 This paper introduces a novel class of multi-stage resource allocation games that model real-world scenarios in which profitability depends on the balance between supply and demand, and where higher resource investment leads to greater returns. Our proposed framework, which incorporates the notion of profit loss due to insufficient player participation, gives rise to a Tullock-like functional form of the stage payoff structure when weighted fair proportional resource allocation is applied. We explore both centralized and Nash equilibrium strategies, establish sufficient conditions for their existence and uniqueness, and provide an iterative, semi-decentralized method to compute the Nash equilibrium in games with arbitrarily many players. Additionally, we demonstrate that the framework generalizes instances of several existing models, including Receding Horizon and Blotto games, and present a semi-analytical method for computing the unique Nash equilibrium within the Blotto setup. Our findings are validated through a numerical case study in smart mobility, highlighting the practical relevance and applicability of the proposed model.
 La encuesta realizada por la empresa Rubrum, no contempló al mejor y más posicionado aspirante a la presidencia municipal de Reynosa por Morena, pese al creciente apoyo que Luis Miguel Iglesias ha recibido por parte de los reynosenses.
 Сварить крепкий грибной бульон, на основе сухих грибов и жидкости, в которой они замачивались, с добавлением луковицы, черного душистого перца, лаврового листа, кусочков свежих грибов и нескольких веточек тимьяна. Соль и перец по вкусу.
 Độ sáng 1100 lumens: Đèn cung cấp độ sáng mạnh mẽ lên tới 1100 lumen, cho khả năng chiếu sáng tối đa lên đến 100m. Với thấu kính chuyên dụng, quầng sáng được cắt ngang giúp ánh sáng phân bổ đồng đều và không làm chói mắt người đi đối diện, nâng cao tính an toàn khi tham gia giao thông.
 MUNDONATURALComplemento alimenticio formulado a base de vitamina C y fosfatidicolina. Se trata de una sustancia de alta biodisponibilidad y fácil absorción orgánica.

§

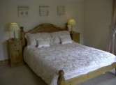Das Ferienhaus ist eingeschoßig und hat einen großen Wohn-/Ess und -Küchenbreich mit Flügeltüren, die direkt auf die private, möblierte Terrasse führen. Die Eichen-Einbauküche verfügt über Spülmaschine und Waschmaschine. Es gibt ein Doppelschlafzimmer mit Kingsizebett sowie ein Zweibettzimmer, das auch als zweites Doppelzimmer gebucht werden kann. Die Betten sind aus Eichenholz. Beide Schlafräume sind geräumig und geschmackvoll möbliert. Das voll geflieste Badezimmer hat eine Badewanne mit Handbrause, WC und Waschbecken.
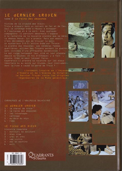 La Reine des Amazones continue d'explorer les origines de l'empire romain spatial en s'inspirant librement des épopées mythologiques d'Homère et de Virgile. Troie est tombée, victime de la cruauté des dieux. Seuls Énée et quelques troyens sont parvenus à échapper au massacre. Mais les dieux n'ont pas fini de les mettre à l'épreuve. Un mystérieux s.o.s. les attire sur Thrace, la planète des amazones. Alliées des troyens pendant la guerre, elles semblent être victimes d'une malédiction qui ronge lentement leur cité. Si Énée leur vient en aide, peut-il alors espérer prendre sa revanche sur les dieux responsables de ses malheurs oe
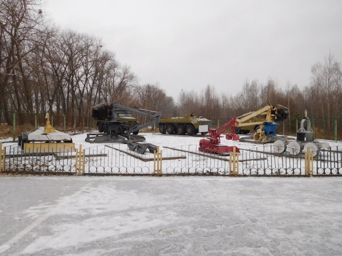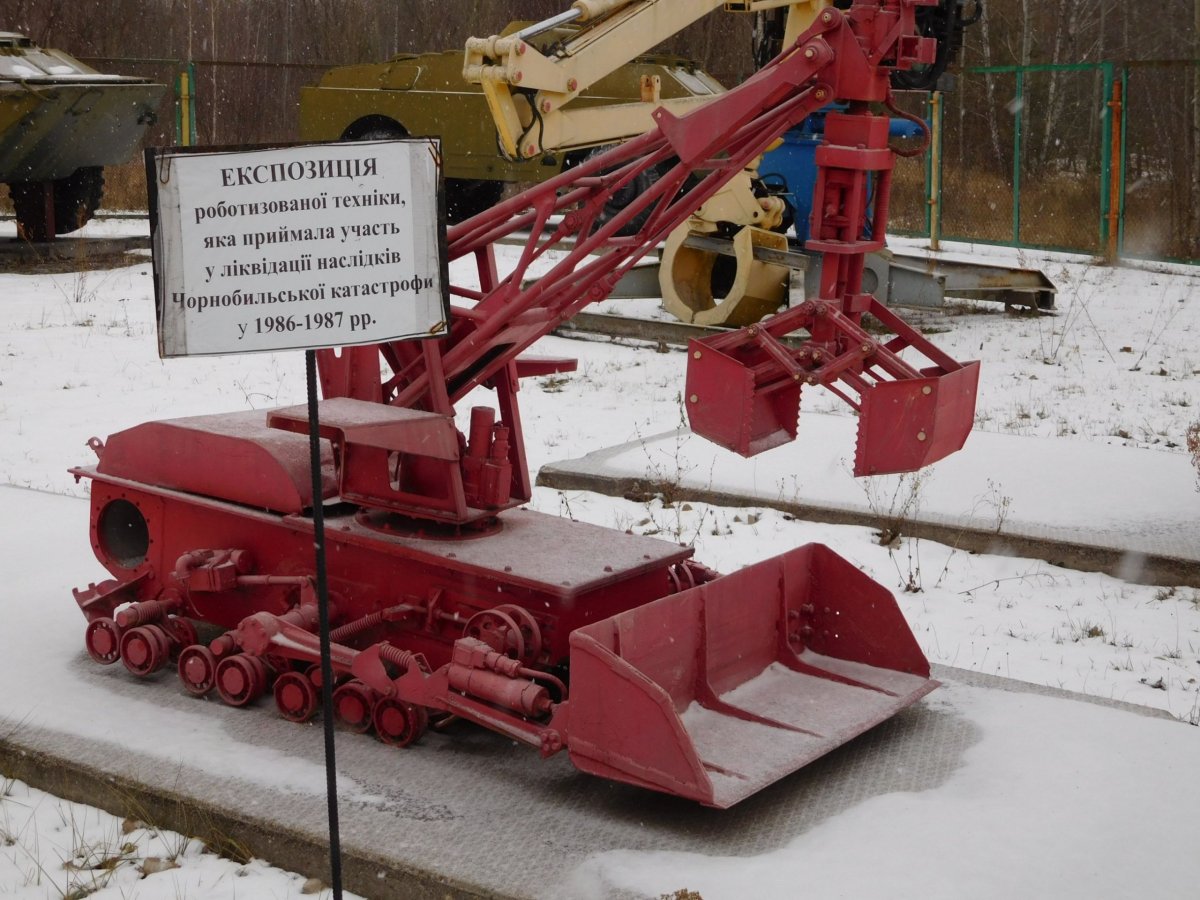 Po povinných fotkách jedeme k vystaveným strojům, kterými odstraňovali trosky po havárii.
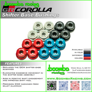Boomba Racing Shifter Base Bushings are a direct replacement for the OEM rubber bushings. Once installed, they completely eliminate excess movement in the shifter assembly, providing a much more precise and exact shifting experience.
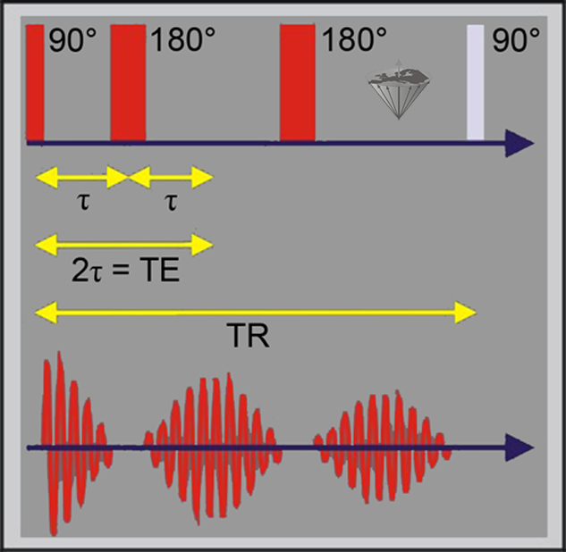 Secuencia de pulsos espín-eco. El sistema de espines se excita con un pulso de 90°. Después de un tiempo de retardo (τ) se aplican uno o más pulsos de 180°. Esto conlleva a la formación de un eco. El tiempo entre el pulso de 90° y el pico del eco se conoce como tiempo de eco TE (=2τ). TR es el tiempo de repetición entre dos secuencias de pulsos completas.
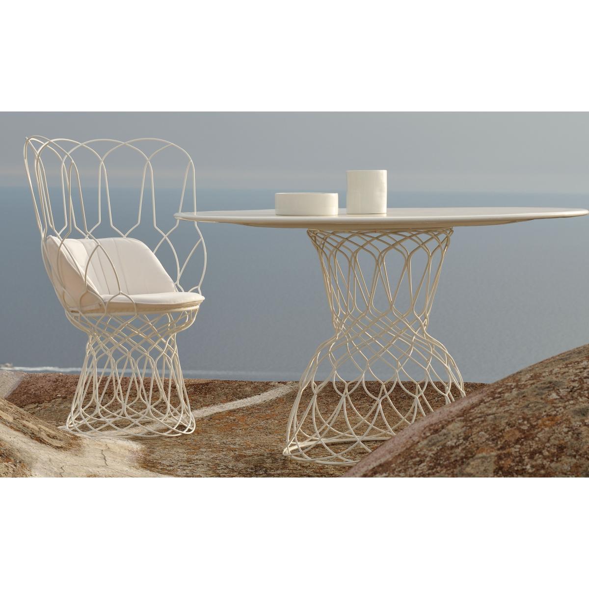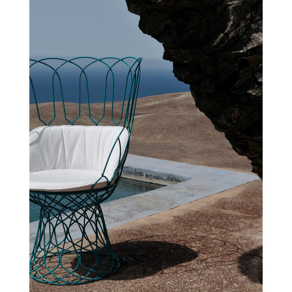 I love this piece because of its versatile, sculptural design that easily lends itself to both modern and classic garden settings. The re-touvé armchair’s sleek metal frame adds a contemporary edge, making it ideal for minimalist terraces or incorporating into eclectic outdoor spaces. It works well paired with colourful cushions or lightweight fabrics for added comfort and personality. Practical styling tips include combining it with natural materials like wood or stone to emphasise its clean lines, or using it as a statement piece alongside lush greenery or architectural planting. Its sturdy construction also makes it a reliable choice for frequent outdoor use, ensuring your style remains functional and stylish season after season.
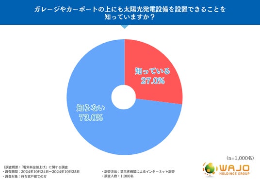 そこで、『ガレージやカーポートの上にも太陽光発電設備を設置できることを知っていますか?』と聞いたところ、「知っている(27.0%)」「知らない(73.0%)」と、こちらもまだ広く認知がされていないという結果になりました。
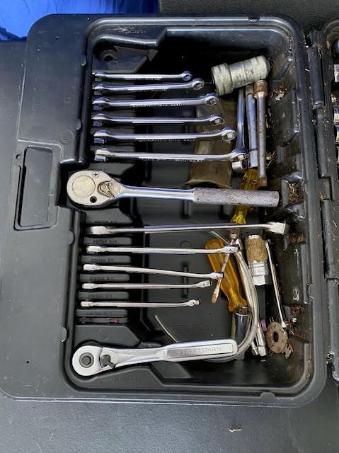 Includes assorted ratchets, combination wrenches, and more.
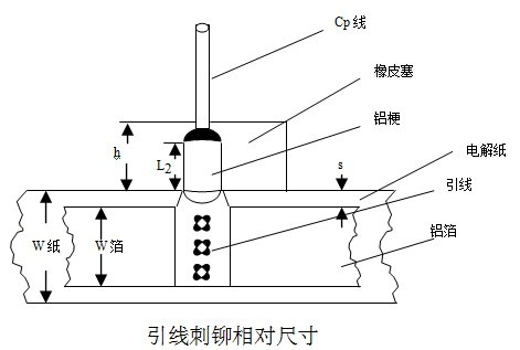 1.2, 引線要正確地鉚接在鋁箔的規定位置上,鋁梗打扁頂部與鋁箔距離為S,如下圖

§

• _WORK REQUEST_: Out of the data above, transcribe exactly and only the lines starting with the line that has "La encuesta realizada" and going on through the line that has "Сварить крепкий грибной", both included.

• _OUTPUT OF THE EXERCISE_:
 La encuesta realizada por la empresa Rubrum, no contempló al mejor y más posicionado aspirante a la presidencia municipal de Reynosa por Morena, pese al creciente apoyo que Luis Miguel Iglesias ha recibido por parte de los reynosenses.
 Сварить крепкий грибной бульон, на основе сухих грибов и жидкости, в которой они замачивались, с добавлением луковицы, черного душистого перца, лаврового листа, кусочков свежих грибов и нескольких веточек тимьяна. Соль и перец по вкусу.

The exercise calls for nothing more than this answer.